How to complete this task
The response has to reproduce all entries exactly while excluding their pictures.

━━ Entries provided ━━

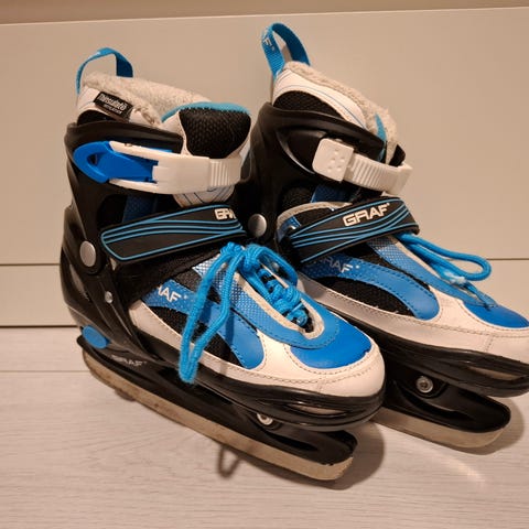 Lasten säädettävätluistimet koko 31-34. Helppo pukea ja riisua. Hyvä, käytetty kunto ja kaikin puolin siistit.
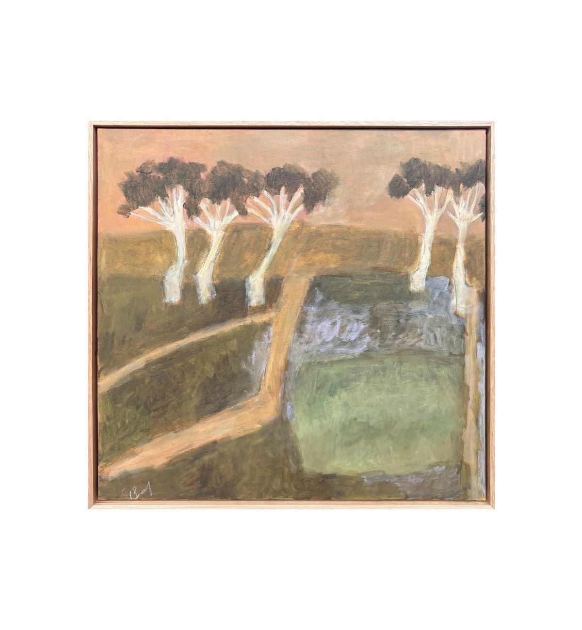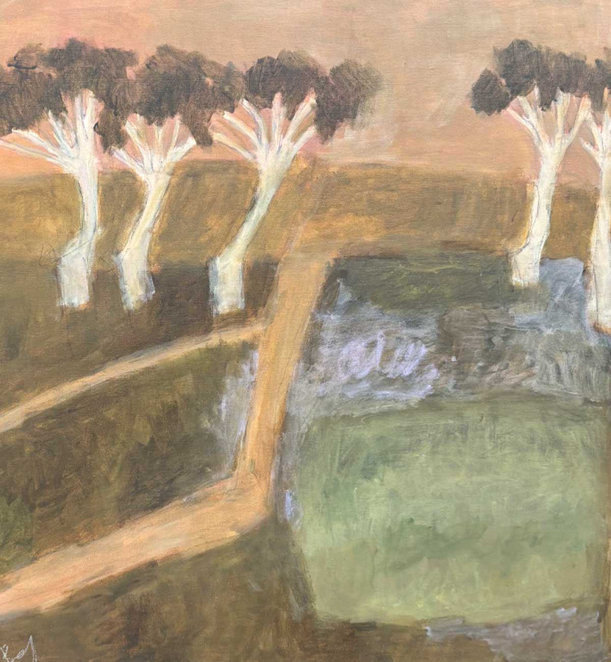Rendered in milky, dirtied-down colour and suffused with the tones of dawn to dusk - the works evoke a drenched landscape, bursting with life and vitality. With skeletal trees and Rothko-like washes, her landscapes blend the known and imagined, guided by a philosophy of art as medicine.
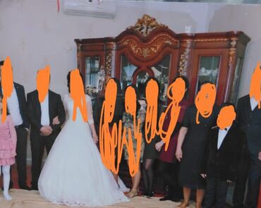 Klassik üslubda massiv ağac görünüşlü vitrin-bufet - Material və rəng: tünd qoz tonlarında, zəngin oyma naxışlı fasad və karnizlər, antik tərz metal tutacaqlar - Konstruksiya: ortada iki şüşə qapı...
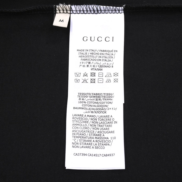 グッチユニセックスブラッククルーネック半袖Tシャツu306
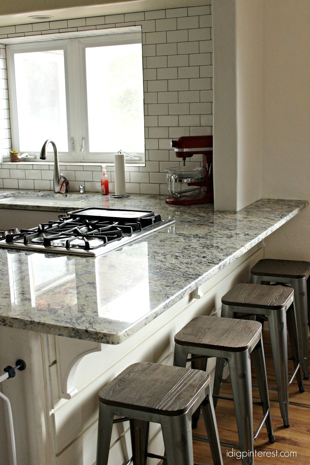I knew I ultimately wanted a flat bar space area that the kids could sit up to at their level, with stools that tucked nicely and almost completely under the counter overhang.

━━━

Exercise answer
 Lasten säädettävätluistimet koko 31-34. Helppo pukea ja riisua. Hyvä, käytetty kunto ja kaikin puolin siistit.
Rendered in milky, dirtied-down colour and suffused with the tones of dawn to dusk - the works evoke a drenched landscape, bursting with life and vitality. With skeletal trees and Rothko-like washes, her landscapes blend the known and imagined, guided by a philosophy of art as medicine.
 Klassik üslubda massiv ağac görünüşlü vitrin-bufet - Material və rəng: tünd qoz tonlarında, zəngin oyma naxışlı fasad və karnizlər, antik tərz metal tutacaqlar - Konstruksiya: ortada iki şüşə qapı...
 グッチユニセックスブラッククルーネック半袖Tシャツu306
I knew I ultimately wanted a flat bar space area that the kids could sit up to at their level, with stools that tucked nicely and almost completely under the counter overhang.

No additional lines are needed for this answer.